Lipid-Receptor Interaction Studies

Building on findings that cholesterol significantly impacts human CCR5 function , systematic investigation of how various lipids modulate Trachypithecus phayrei CCR5 dynamics and signaling could reveal conserved mechanisms of receptor regulation. Molecular dynamics simulations paired with experimental validation would be particularly valuable for understanding these complex interactions at the molecular level.

Evolutionary Immunology

Further exploration of the selective pressures that have shaped CCR5 evolution in colobines versus cercopithecines could illuminate how primates have adapted to historical viral challenges. Reconstruction of ancestral CCR5 sequences and functional testing of these reconstructed receptors might reveal evolutionary transitions in receptor function relevant to viral resistance.

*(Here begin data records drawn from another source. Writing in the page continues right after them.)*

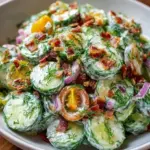 A refreshing summer salad featuring crisp cucumbers, juicy cherry tomatoes, creamy ranch dressing, and a delightful crunch from bacon and cheddar cheese.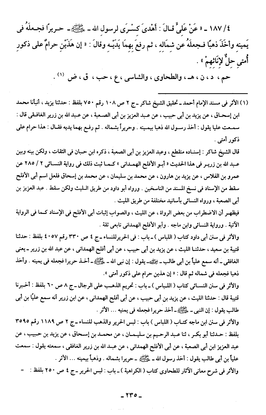 4/ 187 - " عَنْ عَلِىٍّ قالَ: أَهْدىَ كسْرَى لرسولِ الله - صلى الله عليه وسلم - حريرًا فجعلَهُ في يَمينهِ وأخَذَ ذهبًا فجعلَهُ عن شِمَالِهِ، ثم رفعَ بِهِمَا يَدَيْهِ وقالَ: " إن هَذَيْنِ حرامٌ على ذكورِ أُمتي حِلٌّ لإِنَاثِهِمْ ".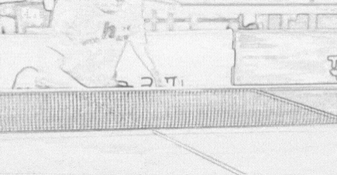 2) 상대 백쪽을 보면서도[이때 어깨 100도] 임펙트 순간에 갑자기 포핸드로 코스 빼기 (또는 종종 반대로도),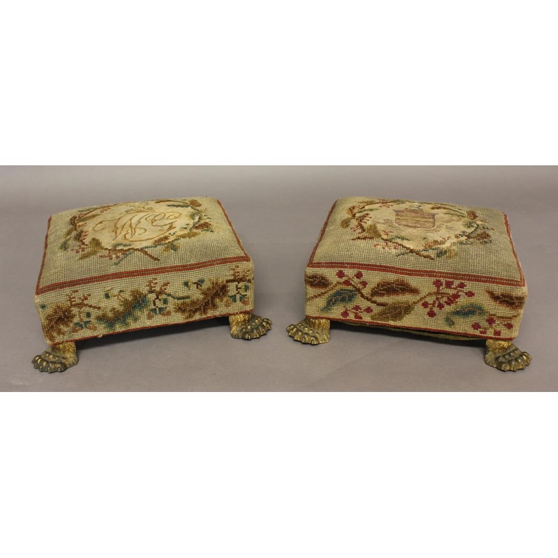 one crested, the other initialled, the sides embroidered with foliage and berries, each on brass lion claw feet, height 15cm, width 35cm (2)

Development of Novel Research Tools

Creating research tools based on Trachypithecus phayrei CCR5—such as transgenic cell lines expressing the receptor, monoclonal antibodies specific to its unique epitopes, or fluorescent biosensors based on its structure—could facilitate broader investigation of its properties and applications in virology and immunology research.

Therapeutic Applications

Exploring how drugs developed for human CCR5, such as maraviroc, interact with Trachypithecus phayrei CCR5 could identify structural determinants of drug efficacy and resistance. The distinct pharmacological properties of Trachypithecus phayrei CCR5 might inspire novel therapeutic approaches targeting conserved receptor elements less prone to resistance mutations.